● RECORDS FOR PROCESSING

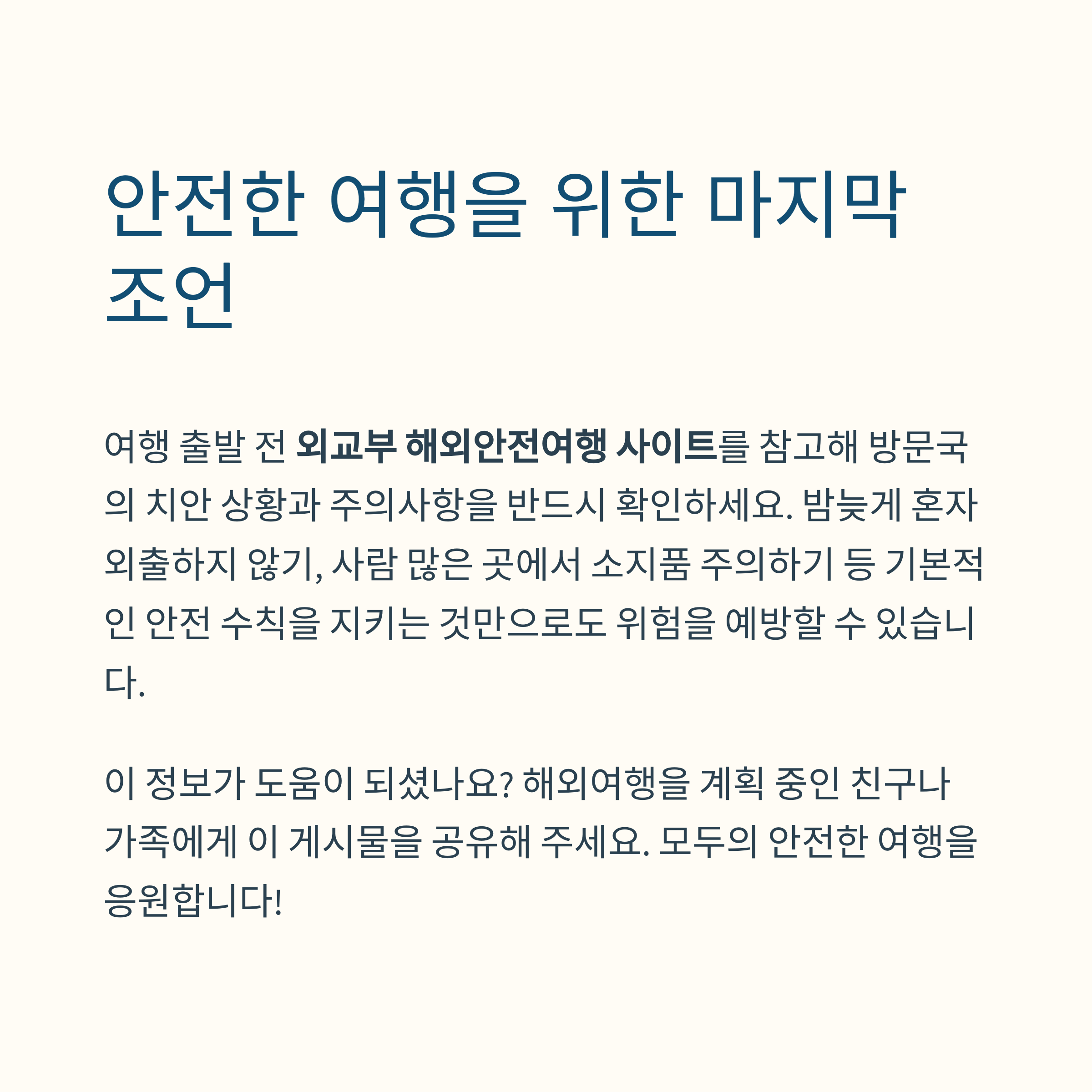 방문국의 치안 상황과 주의사항을 반드시 확인하세요.
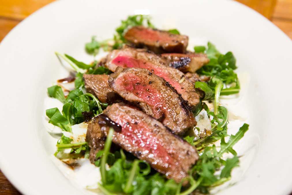 フードメニューも充実しています。こちらはスライスステーキバルサミコソース(1814円)。レアに焼き上げたサーロイン180gに、酸味と甘みのあるバルサミコソースをかけ、ルッコラやパルメザンチーズとともに味わいます。
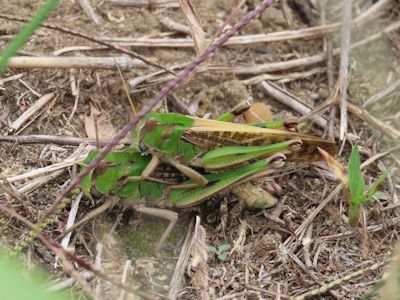 交尾するトノサマバッタ。上がオス、下がメス。トノサマバッタは
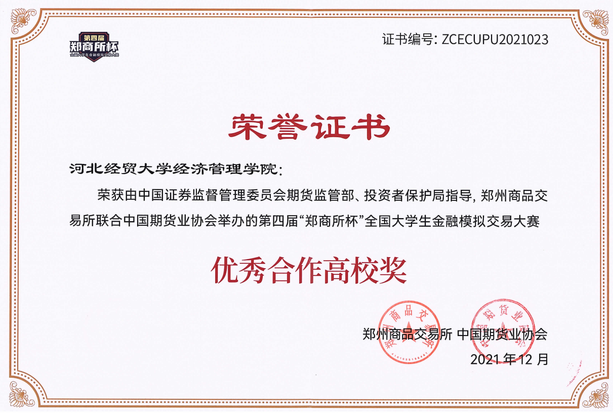 近日,第四届“郑商所杯”全国大学生金融模拟交易大赛落下帷幕并揭晓获奖情况。我院首次参加此项竞赛,实现了期货期权领域专业竞赛的历史性突破,在参赛师生的共同努力下,同浙江大学、南开大学等全国77所高校一同荣获优秀合作高校奖。
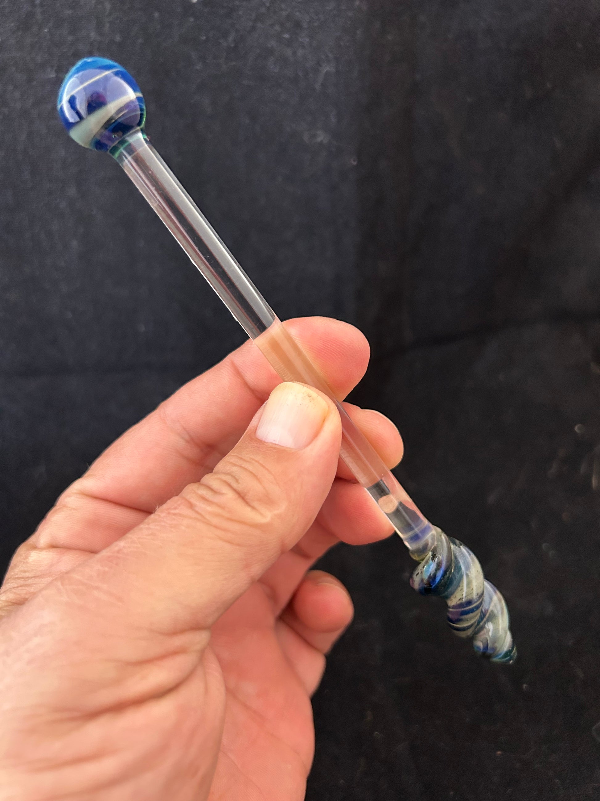 "Indulge in the luxury of the Alaska Thunder topped Honey Dipper, crafted from hand-sculpted borosilicate glass. Elevate your honey experience with this elegant and exclusive product, designed with care and refinement."
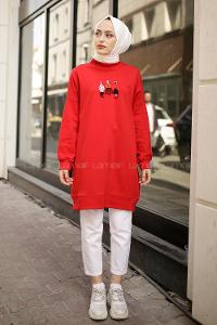 Modalamelif Üç Kadın Baskılı Sweat Kırmızı
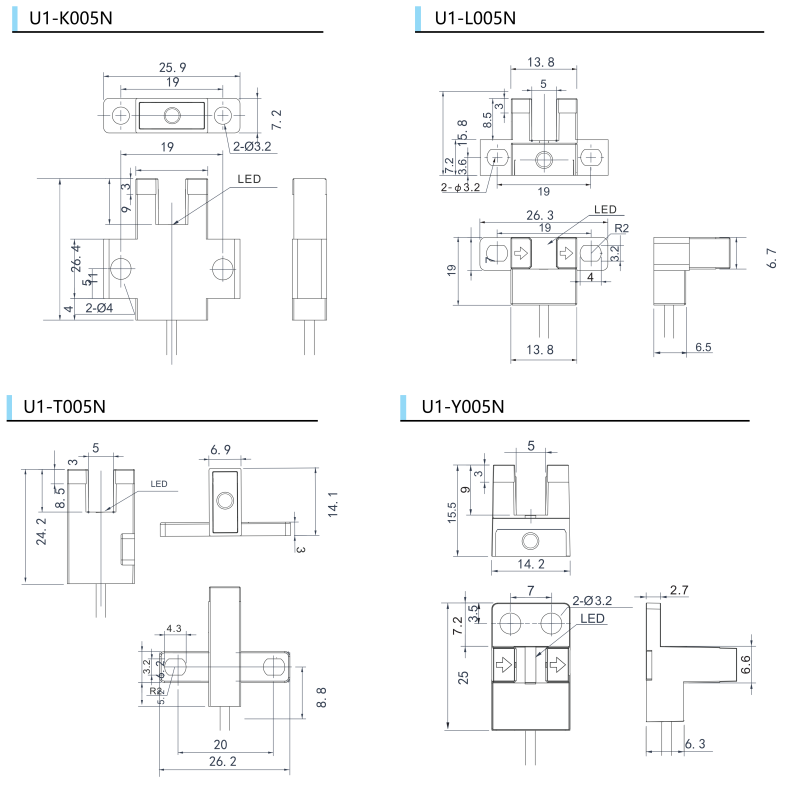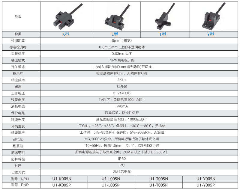 NPN输出型号:U1-K005N,U1-L005N,U1-T005N,U1-Y005N
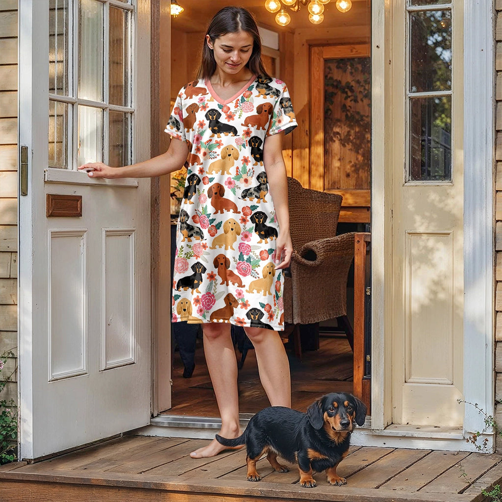 V-Neck Nightshirt โ Light, Easy, and Dachshund-Loving
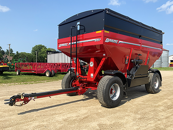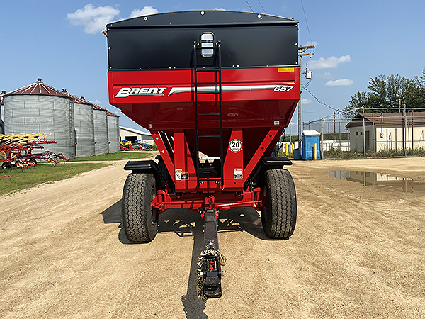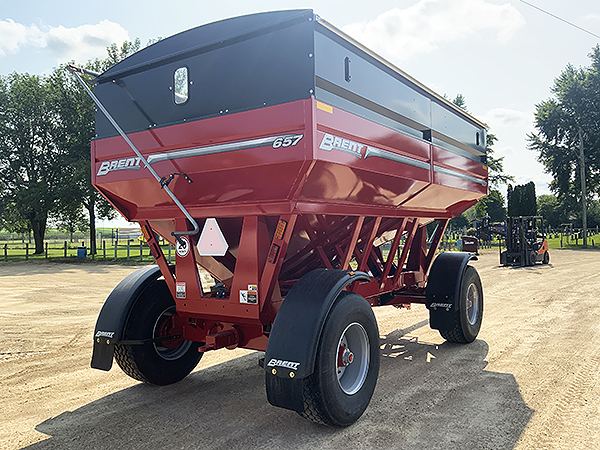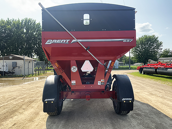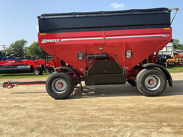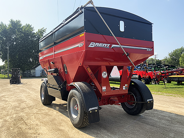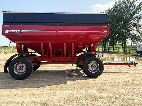 Description: New 2024 Brent 657 grain wagon, 650-bushel capacity, left hand unload, 445/65x22.5 used truck tires, factory installed fender kit, transport safety chain, four-wheel surge brakes, factory Weather Guard roll tarp, transport and work lights, center dump deflector chute. Lists @ $40,700, plus freight & setup. 09/22/2025
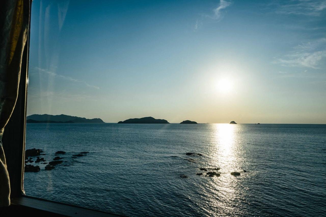 さらに、地元のみかんつかったサワーとかも飲んだりします。それにしても窓から見える風景がすごいきれいだなあ。絵画のようだ。
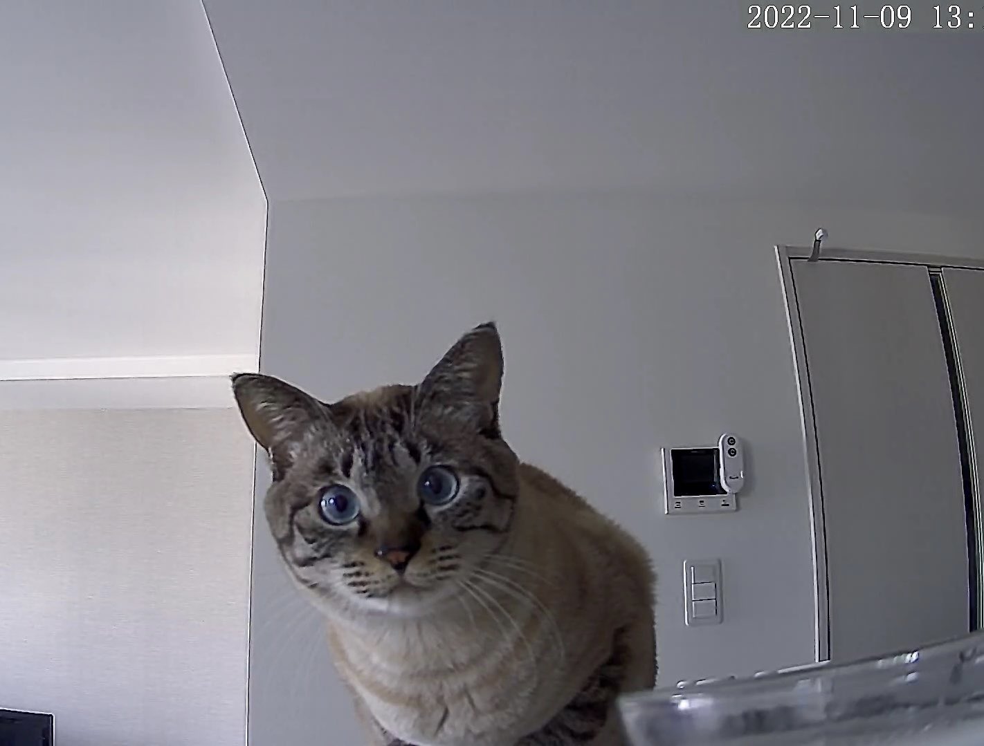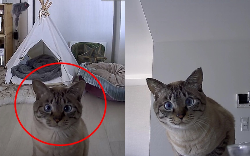 이에 평소 집안에 설치해둔 CCTV를 통해 고양이를 확인해 보기 시작했다고 합니다. 그러자 '모네'는 평소 정해진 시간에 식사가 나오지 않자 카메라를 향해 애처로운 눈빛으로 마치 "왜 밥이 안 나오지? 집사가 밥을 잊었나"라는 눈빛을 보내며 "나 배고픈데..."라는 사인을 보내기 시작했죠.
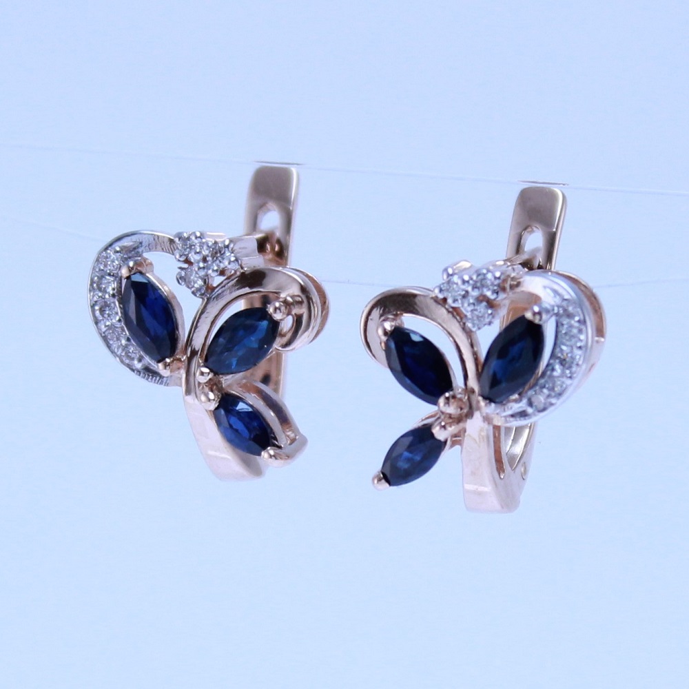 Серьги из красного золота 585 пробы с изящным декором из сапфиров и бриллиантов не оставят женщину равнодушной. Насыщенный блеск притягательных сапфиров, подчеркнутых драгоценными бриллиантами, завораживает взгляд, и станет изысканным акцентом утонченного женственного образа. Тип замка - английский, комфортный и практичный в использовании. Приобретайте серьги по выгодной цене в магазинах Мир Золота.
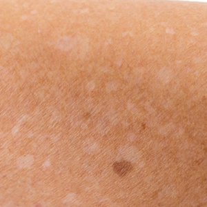 A leucodermia gutata refere-se a pequenas manchas brancas que aparecem em áreas expostas ao sol, como pernas e braços, causadas pela exposição cumulativa aos raios ultravioleta. Além da proteção solar para prevenir novas lesões, o tratamento pode incluir lasers, crioterapia e mesoterapia para estimular a repigmentação da pele.
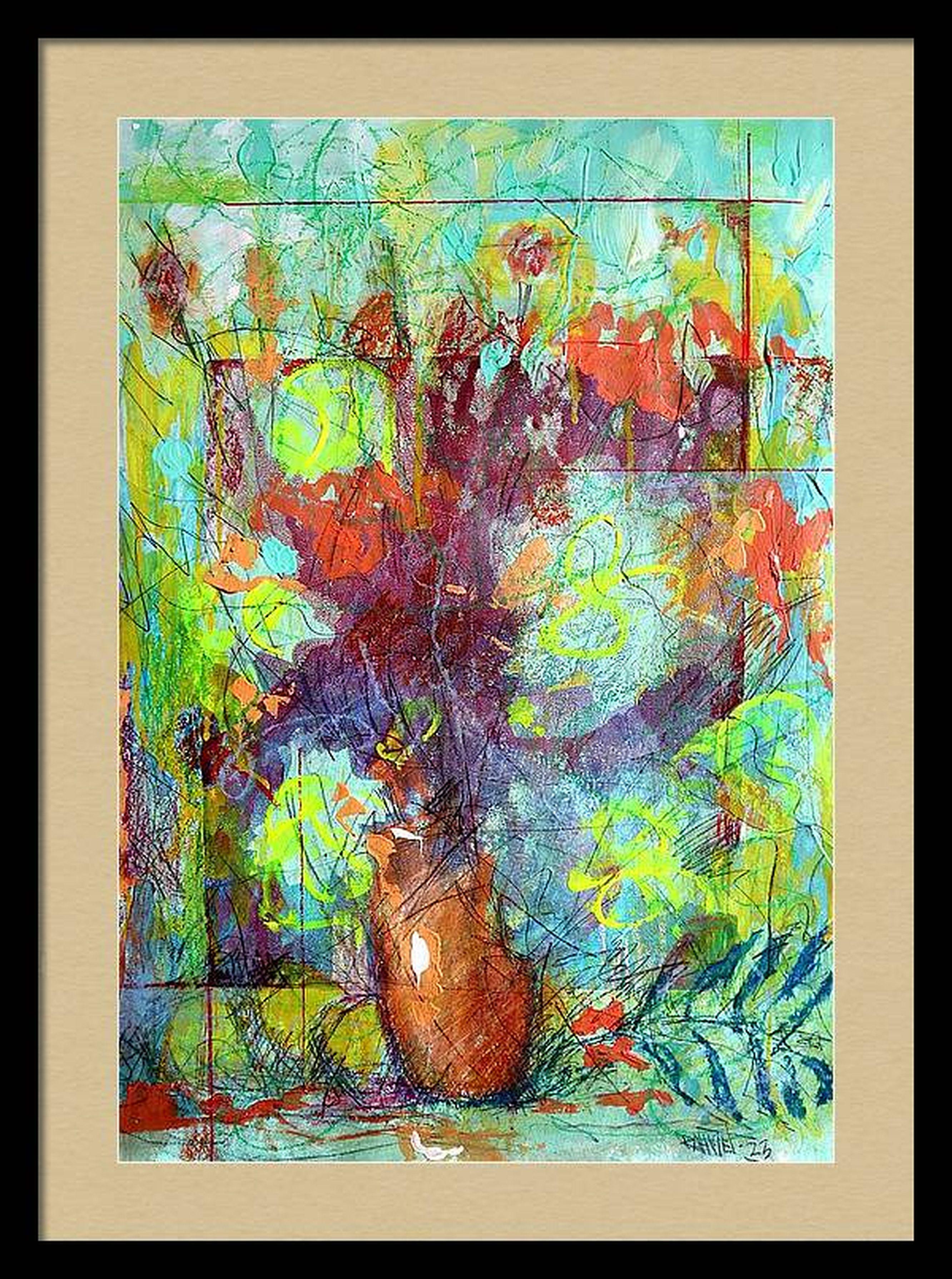 Nature morte abstraite. semi-abstraite, fleurs horizontales, intérieur, acrylique
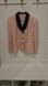 Stylish pink checkered blazer with a bold black collar. Ideal for office or casual wear.3 buttons. 2 faux pockets. shoulder pads.
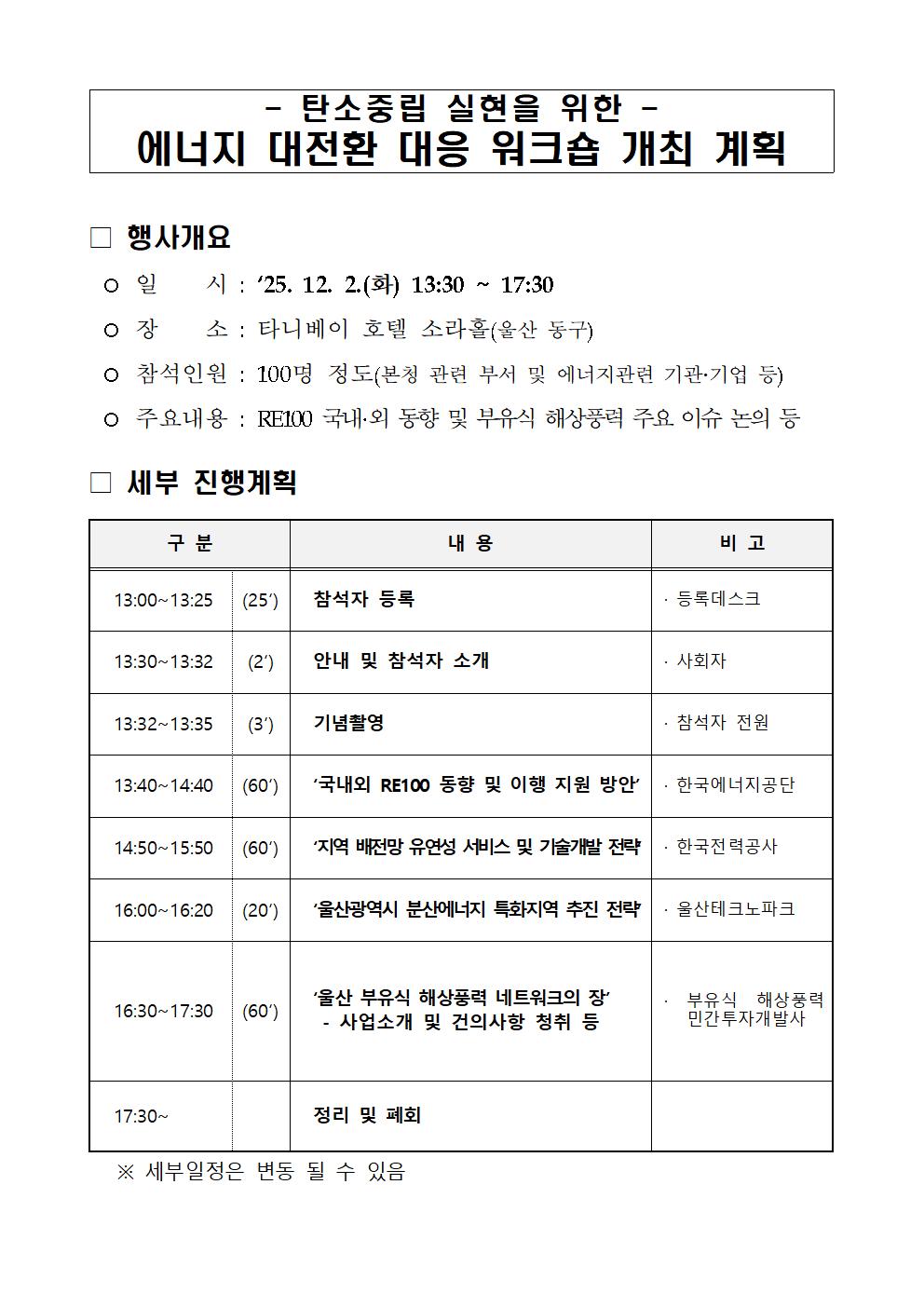 | ‒ | [울산광역시] 에너지 대전환 대응 워크숍 개최 안내 |
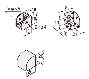 | Corner Brackets Features | This product allows for 2-way and 3-way connections with just one Corner Brackets. Additional end tapping is required on the frame. | This Corner Brackets can be fitted to the end of a frame. It also functions as a frame cap. |
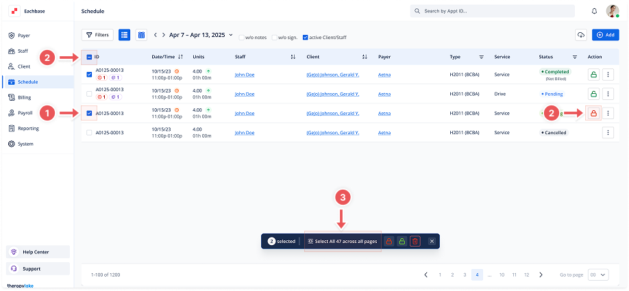 Manually Select: Check the checkboxes to the left of each appointment you want to lock or unlock.

● ASSIGNMENT
Only exact duplicates of the lines from the one containing "frame cap. |" through the final line of the entries, both included, are needed, with pictures left out.

● RESPONSE TO THIS EXERCISE
 | Corner Brackets Features | This product allows for 2-way and 3-way connections with just one Corner Brackets. Additional end tapping is required on the frame. | This Corner Brackets can be fitted to the end of a frame. It also functions as a frame cap. |
 Manually Select: Check the checkboxes to the left of each appointment you want to lock or unlock.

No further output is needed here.